[Raw data]:
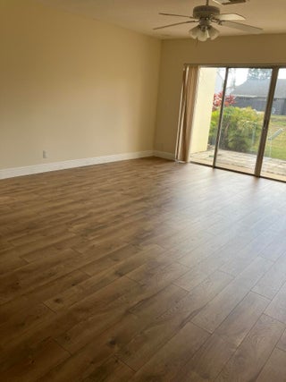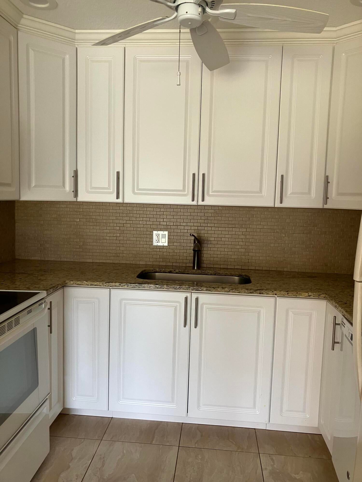 Look no further - Fully redone and ready for move-in - This is a wonderful one bedroom with a full bath - Fully equipped kitchen with range, refrigerator, microwave over the range, dishwasher, ceiling fan & LED ceiling lights & tile floor -The washer & dryer are inside - Very large Florida room gives so much for space & has LED ceiling lights - The living room also has LED ceiling lights - The bath is redone also - Your bedroom has blinds LED ceiling lights and ceiling fan for comfort plus a walk-in closet - There are two parking spaces directly in front assigned for you - The clubhouse, pool and amenities are walking distance from home - Close to all major roads and Palm Beach International airport
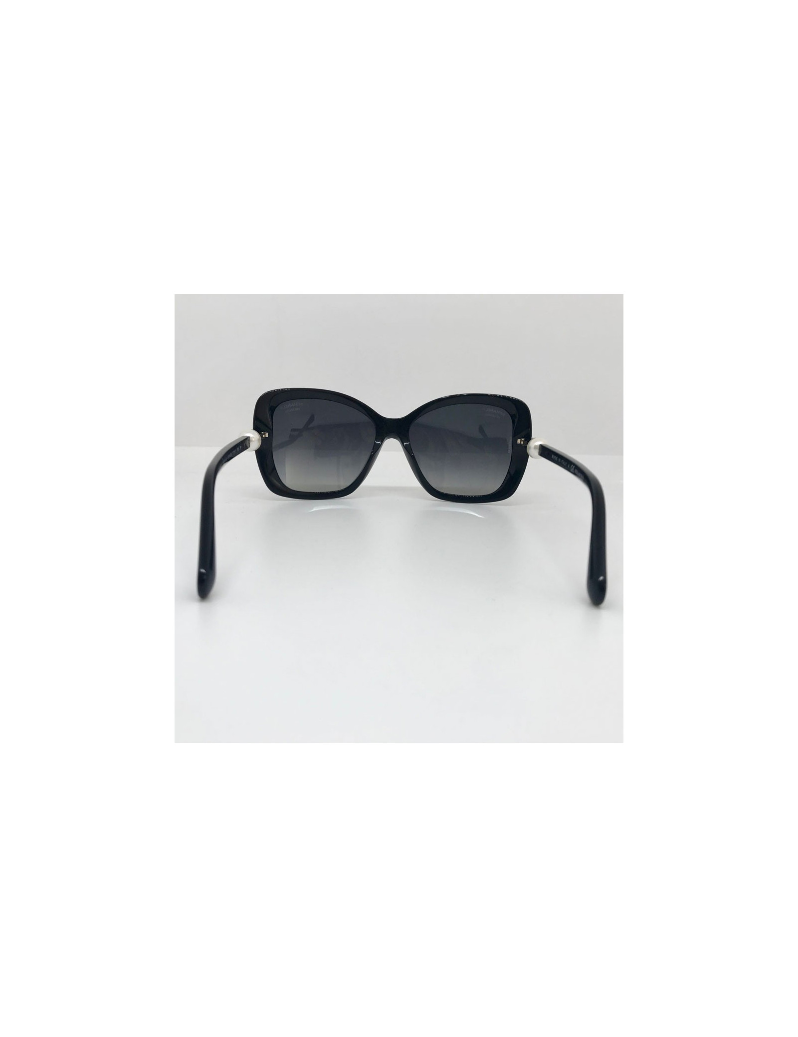 Très belle paire de lunettes de soleil CHANEL en acétate noir. Les verres ont une couleur foncée en dégradé et sont polarisés. Une perle nacrée se trouve sur chaque branche (voir photo).
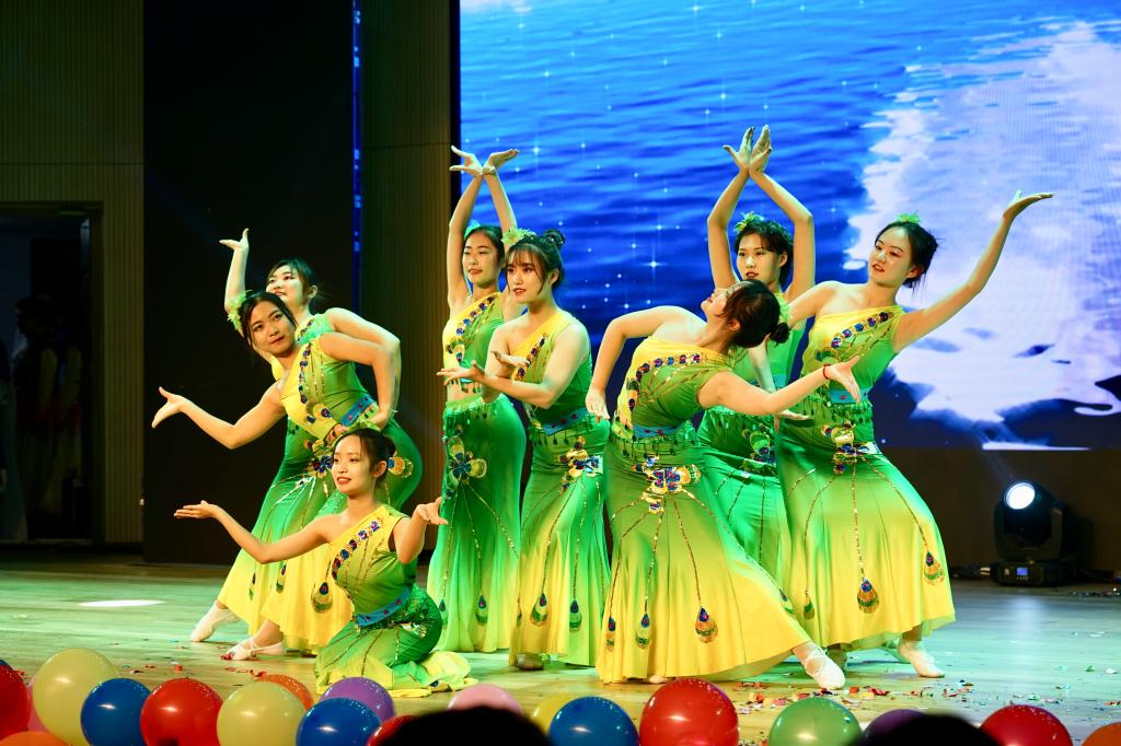 晚会在活力四射的啦啦操中拉开帷幕,学院啦啦队带来的《我最红》,高难度的动作与整齐划一的跳跃,演绎青春奔放之美感,迅速点燃了全场的气氛。

[Assignment]: Could the material above be given again in full and exactly, with its pictures left out?

[Answer box]:
 Look no further - Fully redone and ready for move-in - This is a wonderful one bedroom with a full bath - Fully equipped kitchen with range, refrigerator, microwave over the range, dishwasher, ceiling fan & LED ceiling lights & tile floor -The washer & dryer are inside - Very large Florida room gives so much for space & has LED ceiling lights - The living room also has LED ceiling lights - The bath is redone also - Your bedroom has blinds LED ceiling lights and ceiling fan for comfort plus a walk-in closet - There are two parking spaces directly in front assigned for you - The clubhouse, pool and amenities are walking distance from home - Close to all major roads and Palm Beach International airport
 Très belle paire de lunettes de soleil CHANEL en acétate noir. Les verres ont une couleur foncée en dégradé et sont polarisés. Une perle nacrée se trouve sur chaque branche (voir photo).
 晚会在活力四射的啦啦操中拉开帷幕,学院啦啦队带来的《我最红》,高难度的动作与整齐划一的跳跃,演绎青春奔放之美感,迅速点燃了全场的气氛。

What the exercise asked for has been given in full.